A vulnerability in virtually all Android devices could work to hack into companies’ networks.
If exploited by hackers, the flaw could turn legitimate applications on the device into defense-dodging Trojans, said Bluebox Security chief technology officer Jeff Forristal.
“The Bluebox Security research team recently discovered a vulnerability in Android’s security model that allows a hacker to modify APK code without breaking an application’s cryptographic signature, to turn any legitimate application into a malicious Trojan, completely unnoticed by the app store, the phone, or the end user,” Forristal said.
The vulnerability has been around since Android 1.6 Jelly Bean and could target any Google phone or tablet released in the last four years, including popular handsets like the HTC One and Samsung Galaxy S4, Forristal said.

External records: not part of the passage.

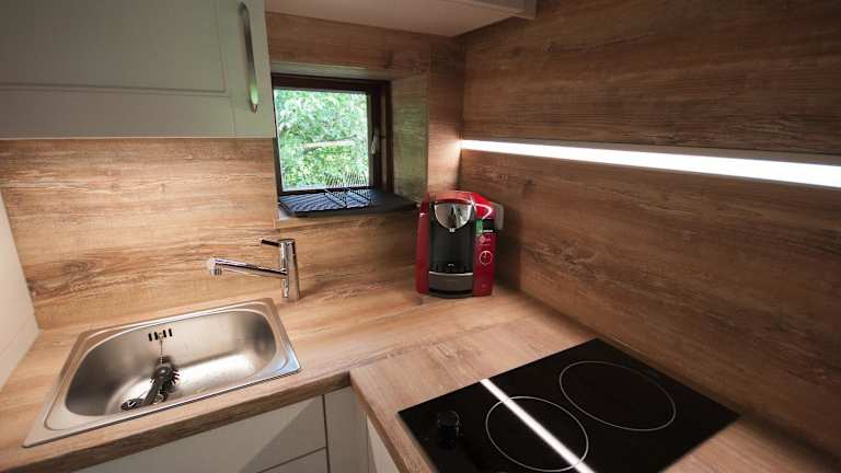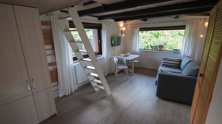 Das Ferienhaus besteht aus einem Schlafzimmer, einem Wohnzimmer sowie einer voll ausgestatteten Küche mit Kühlschrank und Kaffeemaschine. Ein Badezimmer mit Dusche und kostenlosen Pflegeprodukten ist ebenfalls vorhanden. Handtücher und Bettwäsche werden bereitgestellt.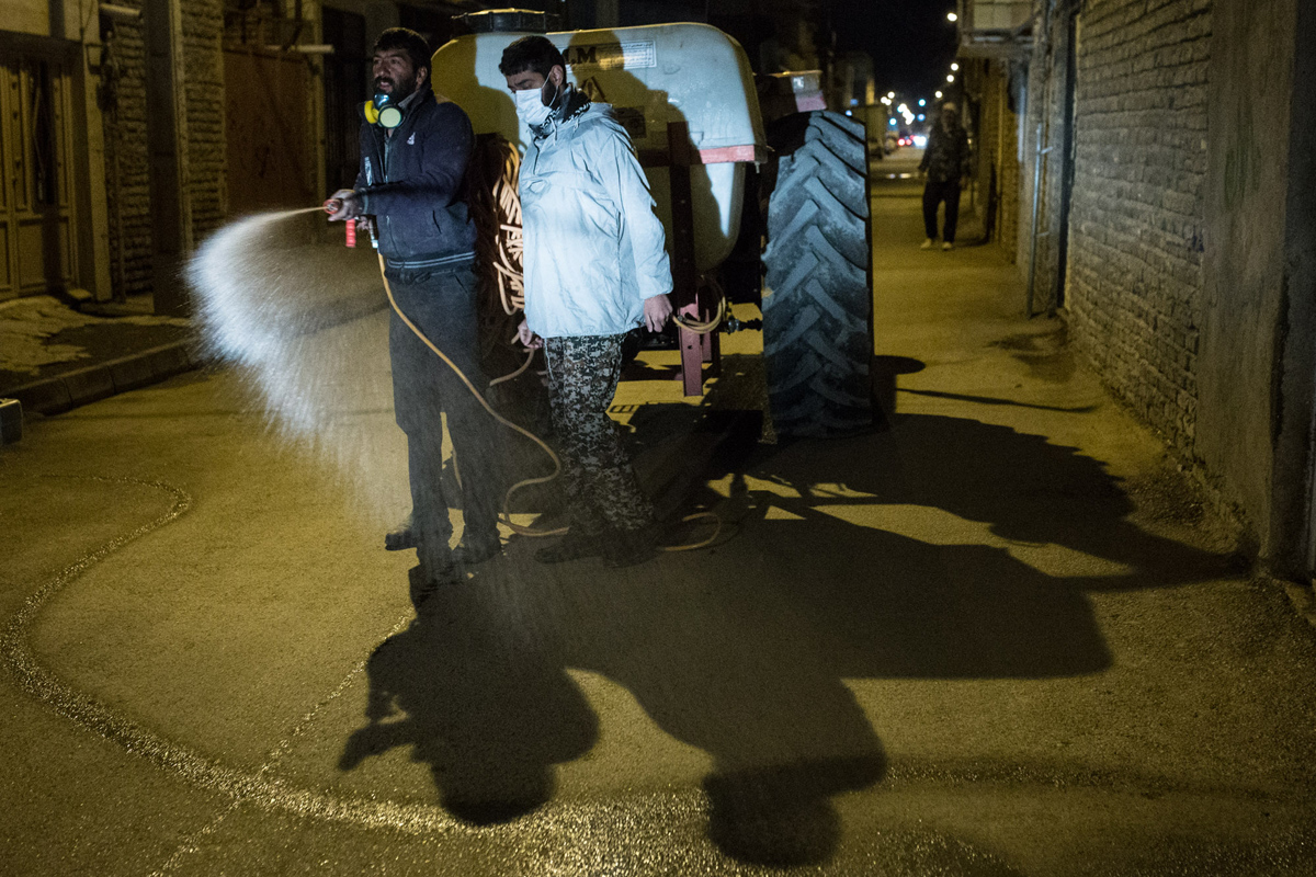 به دنبال شیوع بیماری کرونا، عملیات ضد عفونی و پاکسازی معابر و اماکن عمومی محدوده شهرک طرق به همت بسیجیان و با استفاده از ظرفیتهای کشاورزان این منطقه هر شب در این ایام انجام میشود.
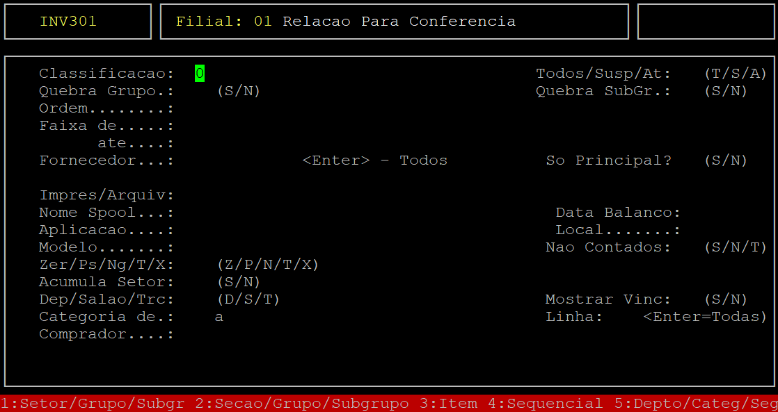 | Classificacao: | Informe o número correspondente a classificação dos produtos que deseja visualizar no relatório, sendo eles: 1 - setor/grupo/subgrupo, 2 - seção/grupo/subgrupo, 3 - item, 4 - sequencial, ou 5 - departamento/categoria/segmento. | |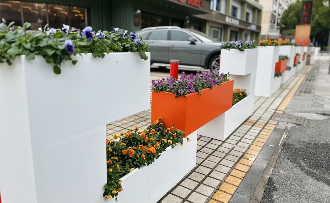 各色花朵悄然绽放,精巧的花坛造型丰富了行人眼前的景色。通过全面修复地面铺砖、更新花坛设计、引入现代绿化理念和高品质植物品种,这一路段将绿化景观和城市功能融为一体。
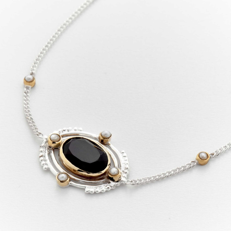 Bracelet en argent et laiton composé d'une chainette en argent décorée de 2 petites perles blanches serties de laiton et en son centre d'un onyx noir ovale et de 4 petites perles blanches serties de laiton.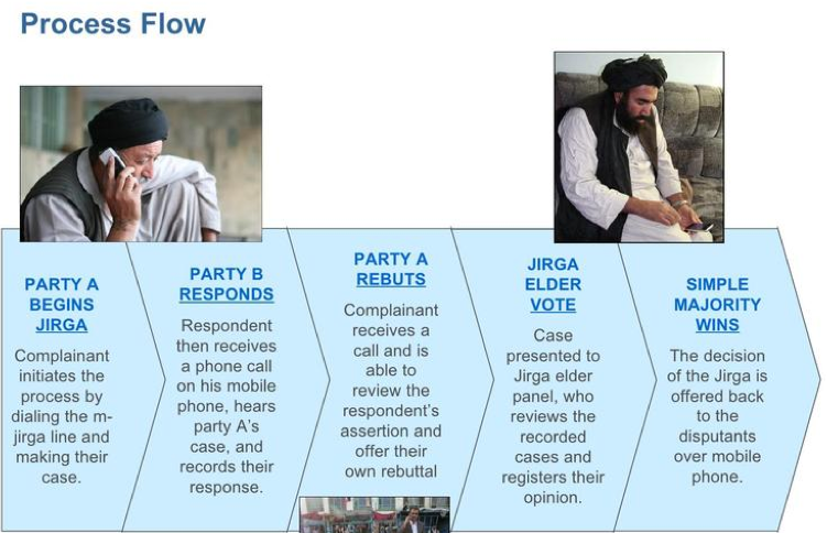 In 2009, the President of the Internet Bar Organization, Jeff Aresty, collaborated with a group of mediators, conflict resolution experts and technologists to formulate the idea of an M-Jirga, a decision-making body that could resolve disputes between Afghan disputants remotely, via mobile phones, which are ubiquitous in Afghanistan and have exploded in uptake since the overthrow of the Taliban. The presentation below, by Colin Rule, outlines the M-Jirga concept, which paved the way for IBO’s further research in ways to deliver dispute resolution tools to rural Afghans through mobile technologies.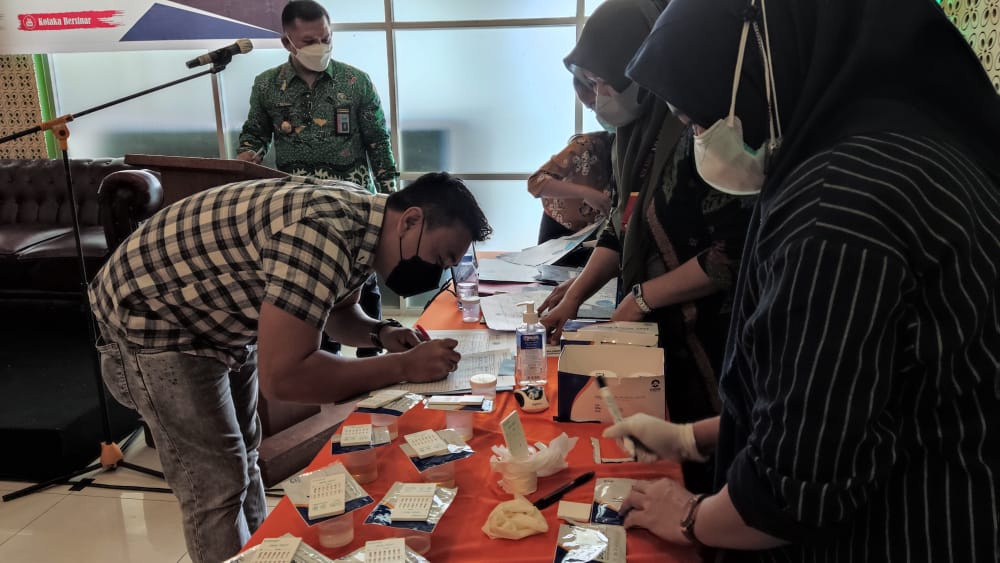 BNNK Kolaka melakukan tes urine terhadap peserta bimtek.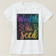 La camiseta presenta un diseño atrevido y llamativo con el texto "Wealth is the Seed" que se muestra de forma destacada en la parte delantera. El texto es un gradiente multicolor vibrante, con cada palabra una sombra diferente para representar las diversas maneras en que la riqueza puede crecer y florecer. El diseño general es sencillo pero impactante, lo que deja mucho espacio para que el mensaje brille.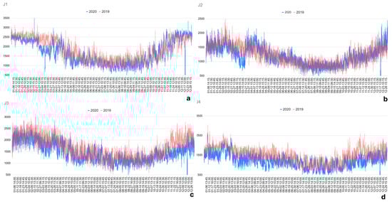Comparison of 2019 pedestrian traffic in ChiKaHo and 2020 in four observed locations. (a)—Pedestrian flow in 2019 and 2020 at point J1. (b)—Pedestrian flow in 2019 and 2020 at point J2. (c)—Pedestrian flow in 2019 and 2020 at point J3. (d)—Pedestrian flow in 2019 and 2020 at point J4.

Forristal added the vulnerability is dangerous because of the way many big-name companies have granted Android devices running on their networks additional privileges.
“While the risk to the individual and the enterprise is great (a malicious app can access individual data, or gain entry into an enterprise), this risk is compounded when you consider applications developed by the device manufacturers (e.g. HTC, Samsung, Motorola, LG) or third-parties that work in co-operation with the device manufacturer (e.g. Cisco with AnyConnect VPN) that are granted special elevated privileges within Android – specifically System UID access,” he said.
The Bluebox chief added the vulnerability could also theoretically set up an Android botnet, letting criminals use millions of Android devices to their ends. Were the event to occur, the network could cause havoc, letting criminals mount numerous denial-of-service attacks, or rake in billions of dollars via spam campaigns and the like.
Google was not immediately available for comment on Bluebox’s research. F-Secure security expert Sean Sullivan said while BlueBox’s research looks legitimate, the potential for harm appears limited and could end up solved in a variety of ways. “The real question is how practical is it?” Sullivan said.
“From our reading of Bluebox’s post, the issue is something that Google Play could be able to (or already does) mitigate. Interaction with Play would cause Google to recognize the altered apps. But there could be an issue with apps from third-party markets. All in all, it is difficult to determine if this vulnerability makes for something useful in terms of crimeware. So there’s no way yet to say if consumers and/or businesses should be concerned.”
Forristal said business should rethink their bring your own device (BYOD) policies regarding Android. “Device owners should be extra cautious in identifying the publisher of the app they want to download. Enterprises with BYOD implementations should use this news to prompt all users to update their devices, and to highlight the importance of keeping their devices updated,” he wrote.